RiskLevel = Literal["low", "medium", "high", "critical"]
OutcomeStatus = Literal["success", "failure", "pending"]

CONTEXT: list[str]          # ["https://www.w3.org/ns/credentials/v2", "https://agentreceipts.ai/context/v1"]
CREDENTIAL_TYPE: list[str]  # ["VerifiableCredential", "AgentReceipt"]
RECEIPT_VERSION: str        # "0.1.0"
VERSION: str                # "0.2.3"

---

Store

from agent_receipts import ReceiptStore, open_store, verify_stored_chain

SQLite-backed receipt persistence and querying.

open_store

def open_store(db_path: str) -> ReceiptStore

Open or create a SQLite receipt store. Pass ":memory:" for an in-memory store.

verify_stored_chain

def verify_stored_chain(
    store: ReceiptStore,
    chain_id: str,
    public_key: str,
) -> ChainVerification

Load a chain from the store and verify its integrity.

ReceiptStore

class ReceiptStore:
    def __init__(self, db_path: str) -> None: ...
    def insert(self, receipt: AgentReceipt, receipt_hash: str) -> None: ...
    def get_by_id(self, receipt_id: str) -> AgentReceipt | None: ...
    def get_chain(self, chain_id: str) -> list[AgentReceipt]: ...
    def query(self, filters: ReceiptQuery) -> list[AgentReceipt]: ...
    def stats(self) -> StoreStats: ...
    def close(self) -> None: ...

ReceiptQuery

@dataclass
class ReceiptQuery:
    chain_id: str | None = None
    action_type: str | None = None
    risk_level: str | None = None
    status: str | None = None
    after: str | None = None
    before: str | None = None
    limit: int | None = None

StoreStats

@dataclass
class StoreStats:
    total: int
    chains: int
    by_risk: list[dict[str, str | int]]
    by_status: list[dict[str, str | int]]
    by_action: list[dict[str, str | int]]

---

Taxonomy

from agent_receipts import (
    classify_tool_call,
    get_action_type,
    resolve_action_type,
    load_taxonomy_config,
    ALL_ACTIONS,
)

Action type registry and tool call classification.

classify_tool_call

def classify_tool_call(
    tool_name: str,
    mappings: list[TaxonomyMapping] | None = None,
) -> ClassificationResult

Classify a tool call to an action type and risk level using the provided mappings.

get_action_type

def get_action_type(action_type: str) -> ActionTypeEntry | None

Look up an action type by name. Returns None if not found.

resolve_action_type

def resolve_action_type(action_type: str) -> ActionTypeEntry

Like get_action_type but returns an “unknown” fallback instead of None.

load_taxonomy_config

def load_taxonomy_config(file_path: str) -> list[TaxonomyMapping]
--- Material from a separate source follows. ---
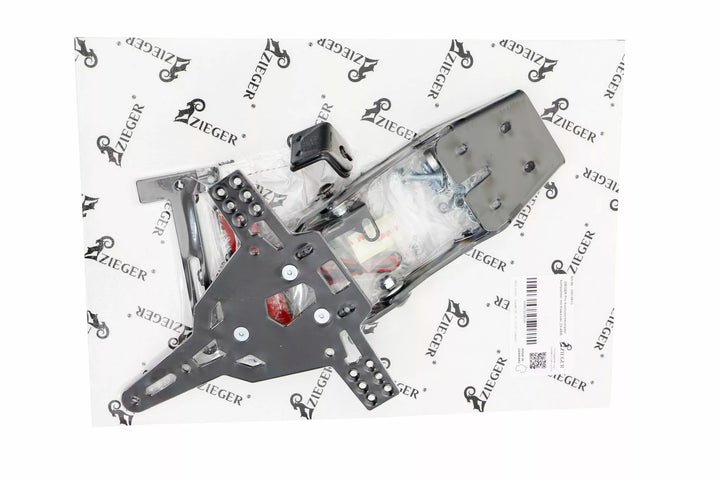 The License Plate Holder is Extremely Durable and Weather Proof., Black Powder Coated. , The License Plate Holder Can Be Used For Any Kind of License Plate (175mm Width)., No Modification of Fairing Required., Stepless Adjustment of Rake Angle., Indicator Support Adjustable in 3 Positions. Plate., Special Indicator Light Mounts (Sold Separately) Required for Stock Indicator Lights., Kit Includes: 1 License Plate Holder Incl. Mounting Kit., LED License Plate Light "E Approsved" Incl. Support., Back Light With Support. Of: Germany, Slovenia, Croatia & UK.
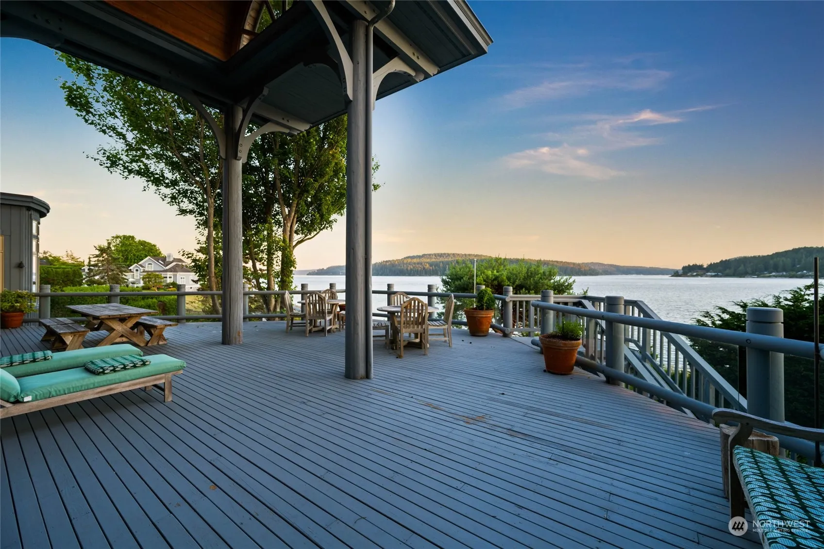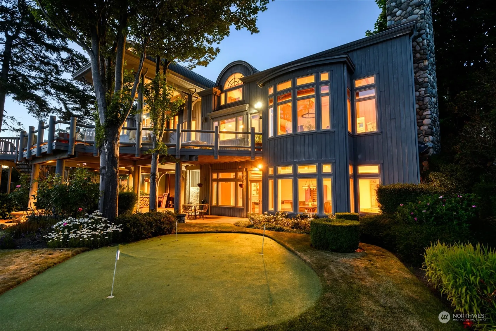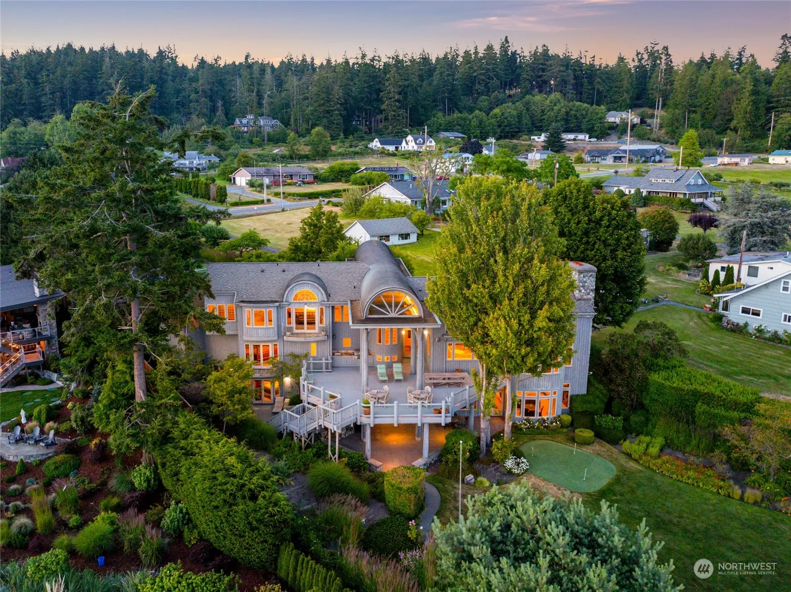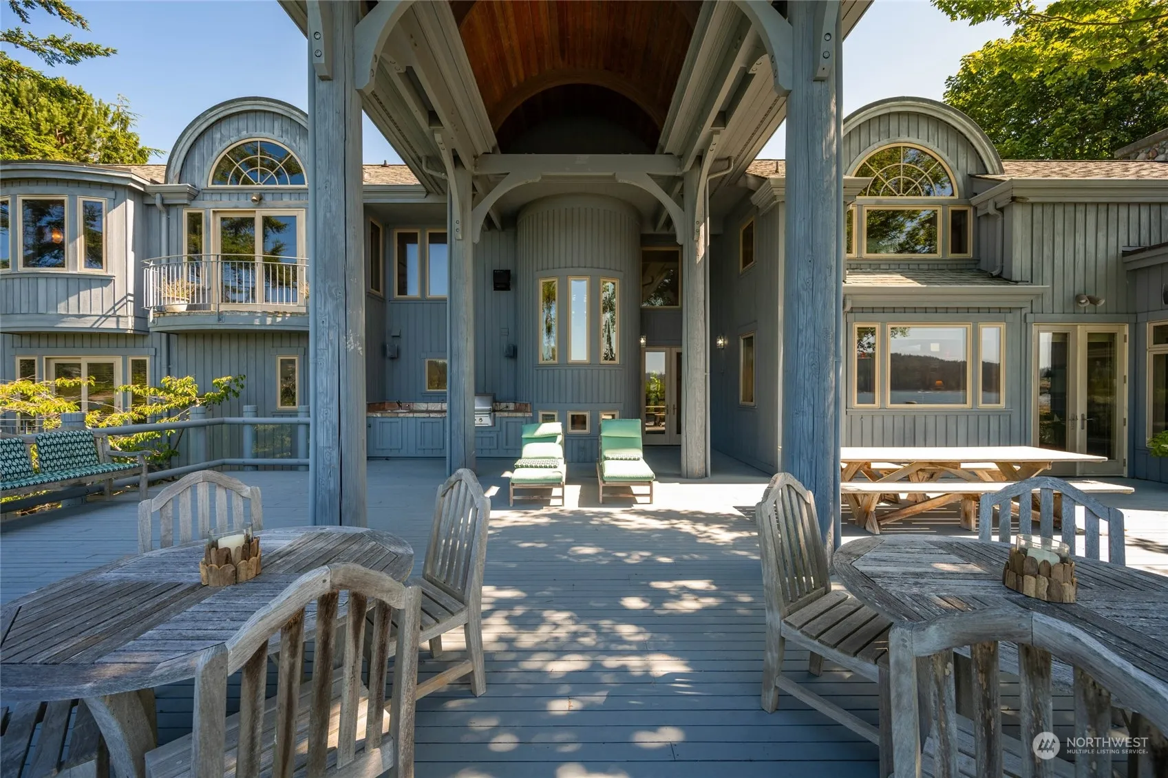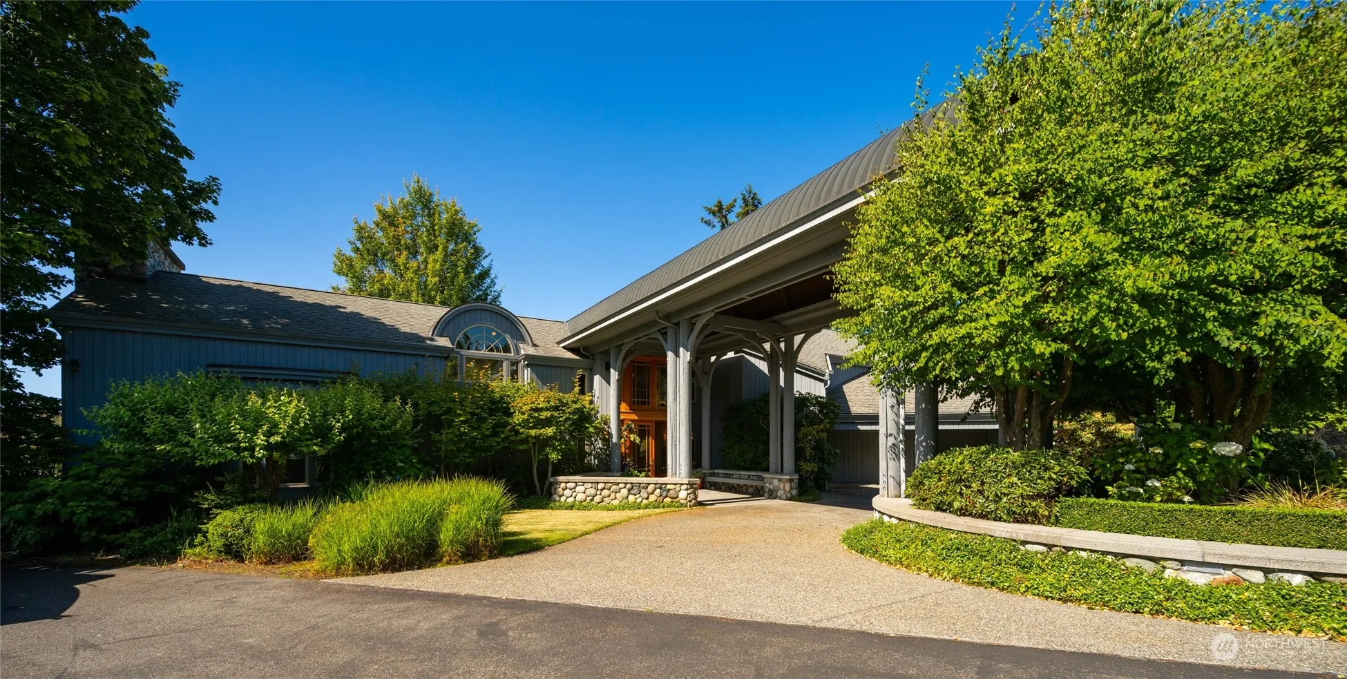 Discover the quintessential Pacific Northwest luxury beach retreat on the Bay. This expansive property features soaring beamed ceilings that start outside & carry to the inside. A magnificent massive fireplace in the main living area creates a warm & inviting atmosphere of rustic charm & elegance. The spacious lower level recreation room & stunning wine cellar offer more space for relaxing & entertaining. The outdoor amenities are endless with a tennis/pickleball court, putting green, fire pit and a voluminous deck with built-in outdoor kitchen. The 143 feet of beachfront is perfect for relaxing, heading out for a paddle, or building beach forts with the driftwood. Create cherished memories for decades to come in this one of a kind estate.

Load taxonomy mappings from a JSON file.

Types

@dataclass(frozen=True)
class ActionTypeEntry:
    type: str
    description: str
    risk_level: RiskLevel

@dataclass(frozen=True)
class TaxonomyMapping:
    tool_name: str
    action_type: str

@dataclass(frozen=True)
class ClassificationResult:
    action_type: str
    risk_level: RiskLevel

Built-in action registries

FILESYSTEM_ACTIONS: list[ActionTypeEntry]  # 7 types
SYSTEM_ACTIONS: list[ActionTypeEntry]      # 8 types
ALL_ACTIONS: list[ActionTypeEntry]         # all + unknown
UNKNOWN_ACTION: ActionTypeEntry

Backwards compatibility aliases

The SDK also exports camelCase aliases for all public functions (e.g. createReceipt, signReceipt, verifyChain) for consistency with the TypeScript SDK.